------ DATA TO PROCESS ------
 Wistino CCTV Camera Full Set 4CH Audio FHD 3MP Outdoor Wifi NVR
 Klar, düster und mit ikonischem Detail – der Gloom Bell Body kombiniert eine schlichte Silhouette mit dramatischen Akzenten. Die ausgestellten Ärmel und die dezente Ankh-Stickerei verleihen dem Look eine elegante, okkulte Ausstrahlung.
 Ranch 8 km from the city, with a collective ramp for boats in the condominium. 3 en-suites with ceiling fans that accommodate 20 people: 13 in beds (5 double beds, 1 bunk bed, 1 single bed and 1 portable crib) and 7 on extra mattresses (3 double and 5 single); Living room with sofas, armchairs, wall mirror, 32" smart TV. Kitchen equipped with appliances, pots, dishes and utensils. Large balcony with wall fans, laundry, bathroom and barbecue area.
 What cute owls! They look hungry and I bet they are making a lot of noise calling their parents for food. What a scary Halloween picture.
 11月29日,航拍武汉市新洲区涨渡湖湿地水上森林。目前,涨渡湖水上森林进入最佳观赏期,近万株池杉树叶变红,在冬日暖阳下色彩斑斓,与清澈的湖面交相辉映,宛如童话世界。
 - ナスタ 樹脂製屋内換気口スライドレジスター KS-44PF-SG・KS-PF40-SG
------
------ DATA TO PROCESS ------
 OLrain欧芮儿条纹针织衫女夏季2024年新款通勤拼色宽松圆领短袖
------
------ DATA TO PROCESS ------
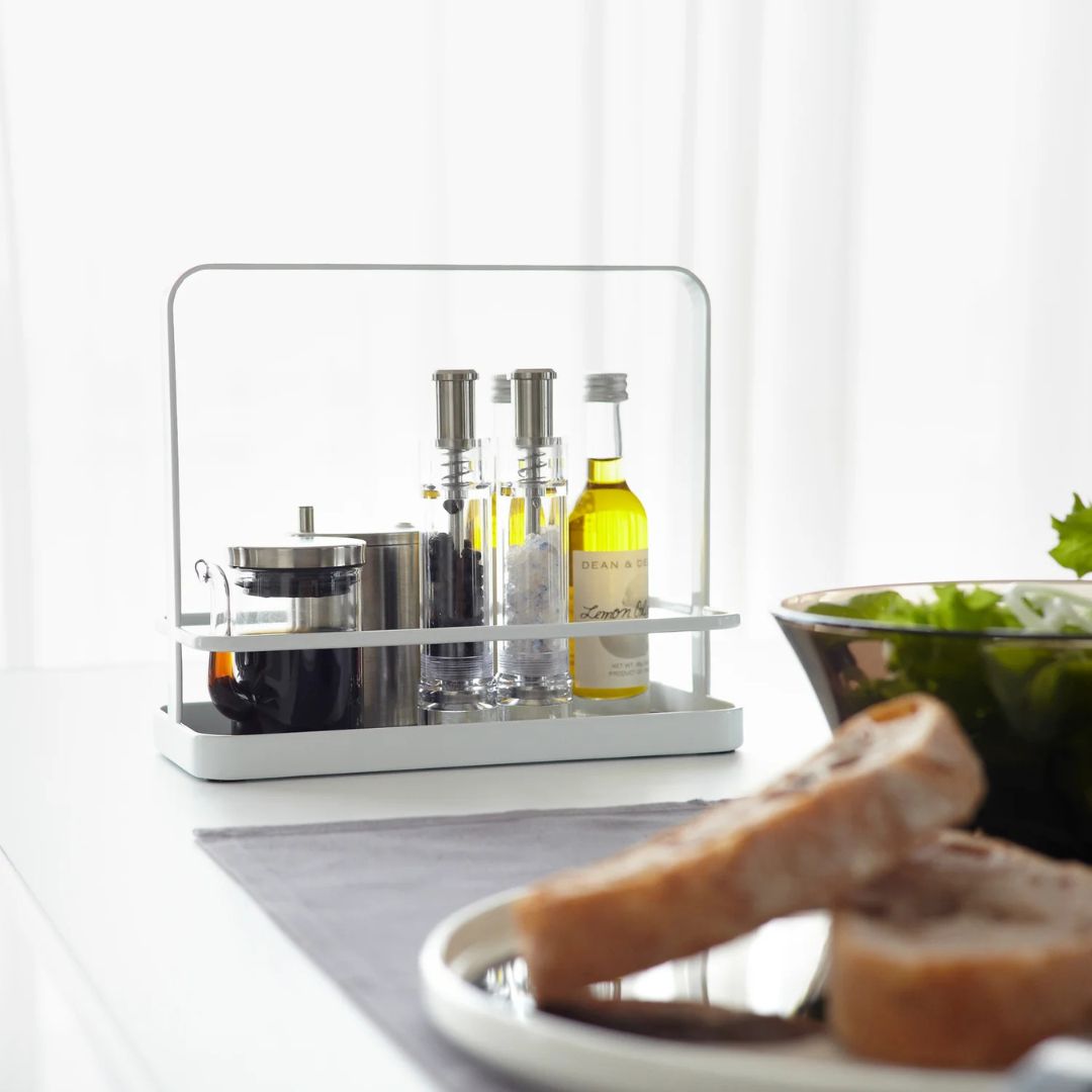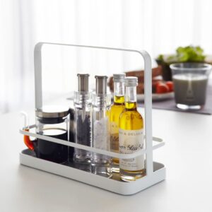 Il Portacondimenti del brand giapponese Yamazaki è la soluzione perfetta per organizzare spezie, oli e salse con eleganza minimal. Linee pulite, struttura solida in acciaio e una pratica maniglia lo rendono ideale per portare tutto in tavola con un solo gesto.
------
PROBLEM TO SOLVE ▸
Using the records above, write out exactly the lines between the one holding "Wistino CCTV Camera" and the one holding "- ナスタ 樹脂製屋内換気口スライドレジスター", inclusive; leave everything else out.

RESULT ▸
 Wistino CCTV Camera Full Set 4CH Audio FHD 3MP Outdoor Wifi NVR
 Klar, düster und mit ikonischem Detail – der Gloom Bell Body kombiniert eine schlichte Silhouette mit dramatischen Akzenten. Die ausgestellten Ärmel und die dezente Ankh-Stickerei verleihen dem Look eine elegante, okkulte Ausstrahlung.
 Ranch 8 km from the city, with a collective ramp for boats in the condominium. 3 en-suites with ceiling fans that accommodate 20 people: 13 in beds (5 double beds, 1 bunk bed, 1 single bed and 1 portable crib) and 7 on extra mattresses (3 double and 5 single); Living room with sofas, armchairs, wall mirror, 32" smart TV. Kitchen equipped with appliances, pots, dishes and utensils. Large balcony with wall fans, laundry, bathroom and barbecue area.
 What cute owls! They look hungry and I bet they are making a lot of noise calling their parents for food. What a scary Halloween picture.
 11月29日,航拍武汉市新洲区涨渡湖湿地水上森林。目前,涨渡湖水上森林进入最佳观赏期,近万株池杉树叶变红,在冬日暖阳下色彩斑斓,与清澈的湖面交相辉映,宛如童话世界。
 - ナスタ 樹脂製屋内換気口スライドレジスター KS-44PF-SG・KS-PF40-SG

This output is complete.